Start Date: 10:26 UTC 5/28/2019

End Date: 14:47 UTC 5/28/2019

Problem Location: EWR1

Problem Description: Customer servers intermittently inaccessible

Outage Details

Sequence of Events

On Tuesday, 05/28/2019, at approximately 10:26 UTC customers with servers in a single rack (a04.ewr1) in our EWR1 location were experiencing intermittent loss to their servers. Engineers identified the issue as a combination of failed hardware and a software bug. Once a software patch was applied and the failed hardware was replaced, all customer services were restored.

Root Cause

Customers in a single rack and off of a specific highly available switch (esr1.a04.ewr1) were impactacted by what was determined to be two issues. The first to be discovered was a flapping main uplink caused by a faulty optic. The optic in question began taking errors and flapping which resulted in unstable routing. This failure then exposed a bug in the switch operating system. Engineers applied a software patch to correct the bug and physically replaced the faulty optic. Once this was completed, service was restored to normal.

Customer Impact

All servers hosted in this rack had intermittent connectivity for 1 hour and 20 minutes.

Timeline

All times are in UTC.

10:26: Incident was opened to track case as reported by internal monitoring and customer feedback, initial troubleshooting begun by Packet Cloud Ops team.

11:08: Situation was escalated to Packet Network Engineering team due to severity and customer impact.

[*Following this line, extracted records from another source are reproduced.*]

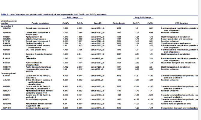 用蛋白質(zhì)組學(xué)分析方法獲得的差異表達(dá)蛋白與mRNA進(jìn)行了比較分析;根據(jù)他們的氨基酸序列來匹配轉(zhuǎn)錄本,在Cu-NPs組與對照組及CuSO4和對照組相比較,分別共140(100%)和352(99.4%)個(gè)差異表達(dá)的蛋白。我們進(jìn)一步確定在兩種銅粒子下蛋白和基因的表達(dá)是否一致,發(fā)現(xiàn)21的轉(zhuǎn)錄和蛋白在同一方向改變(13個(gè)上調(diào),八個(gè)下調(diào))(表2)。有趣的是,大多數(shù)基因(16個(gè)基因)的表達(dá)在Cu-NPS比CuSO4更強(qiáng)烈,但是蛋白質(zhì)卻相反。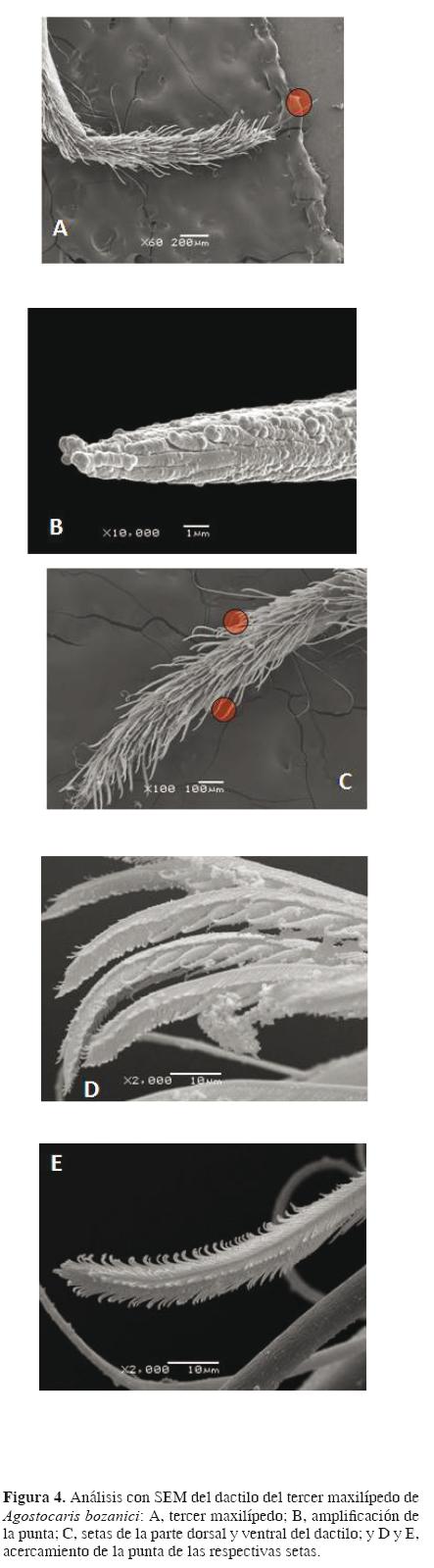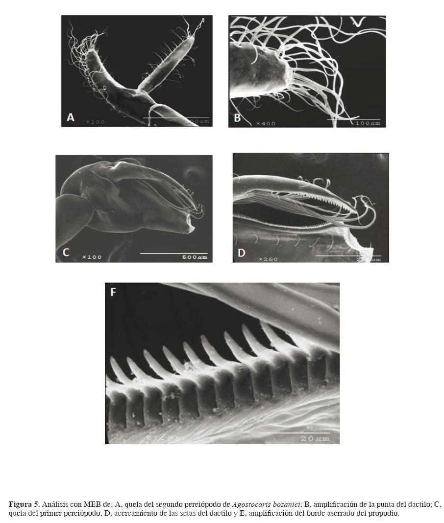 Agostocaris bozanici. El tercer maxilípedo tiene todo el dactilo cubierto de setas (Fig. 4A), pero en la parte apical cuenta con una espina que en su acercamiento se puede observar que está compuesta por cutículas (Fig. 4B), en cambio las setas de la parte más al centro del dactilo (Fig. 4C) tienen una terminación plumosa (Fig. 4D) o aserrada (Fig. 4E). Una de las características distintivas es el tipo de articulación del propodio con el carpo y del dactilo con el propodio, que se puede observar en la quela del primer pereiópodo (Fig. 5C). En primera instancia, es notable la presencia de numerosos dentículos, estrechamente distribuidos, en el margen cortante tanto del propodio como del dactilo (Fig. 5D). Bastante desarrolladas son las largas setas al parecer simples pero muy robustas presentes en la porción dorsal del dactilo y que se ubican en posición posterior al eje de articulación del dactilo con el propodio (Fig. 5D). Por último, se observa una hilera de setas simples regularmente espaciadas en el margen interno del propodio cuya articulación es infracuticular (Fig. 5F). La quela del segundo pereiópodo de A. bozanici se encuentra densamente poblada de setas simples, tanto en la superficie del propodio como del dactilo (Fig. 5A). En estos 2 artejos, las setas se encuentran ubicadas principalmente en la porción apical de los márgenes, externo en el propodio y cortante en el dactilo (Fig. 5B).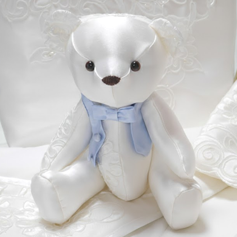 繊細なレースやビジューを、熟練職人が一体ずつ手作業で配置した気品あふれるメモリアルベア。リビングで、寝室で。ふとした瞬間にあの日の幸せな記憶が蘇る、あなただけの特別な「お守り」です。(インテリア・ベアについて詳しくはこちら)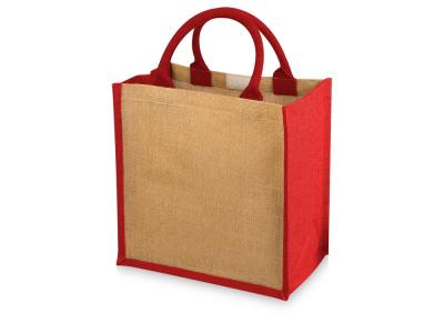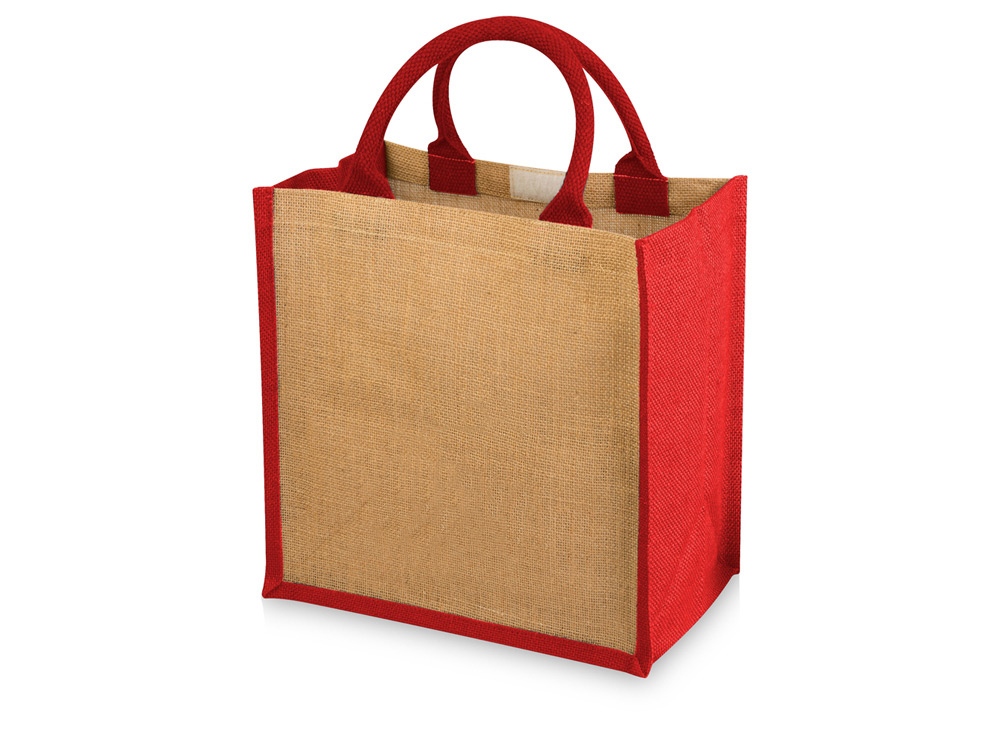 Джутовая подарочная сумка Chennai. Джутовая сумка с ламинированным открытым основным отделением и вставкой. Хлопковые ручки высотой 11,5 см. Джут.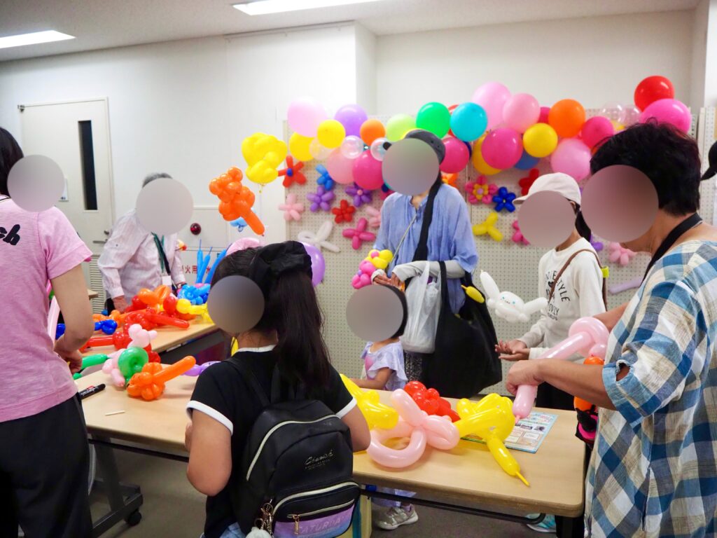 みなくるのロビーでは、子どもたちが列を作って並んでいたのがバルーンアートコーナー。

11:23: Networking Engineers determine cause of issue to be faulty optic in switch and software bug on switch

11:47: Software patch applied to switch operating system

12:01: Faulty optic removed from available routing paths and customer connectivity restored and normalized

14:47: Faulty optic replaced along with remote side restoring full redundancy

Posted Jun 04, 2019 - 01:32 UTC

Resolved
This incident has been resolved.
Posted May 28, 2019 - 20:15 UTC
Update
We continue to monitor for any further issues. If you encounter an issue, please email supoort@packet.com
Posted May 28, 2019 - 15:57 UTC
Monitoring
A fix has been implemented and we are monitoring the results.
Posted May 28, 2019 - 12:10 UTC
Investigating
We are investigating the cause of a partial network outage experienced in our EWR1 facility isolated to one of our switches. Please reach out to support@packet.com with any questions.
Posted May 28, 2019 - 10:32 UTC
This incident affected: Equinix Metal Network.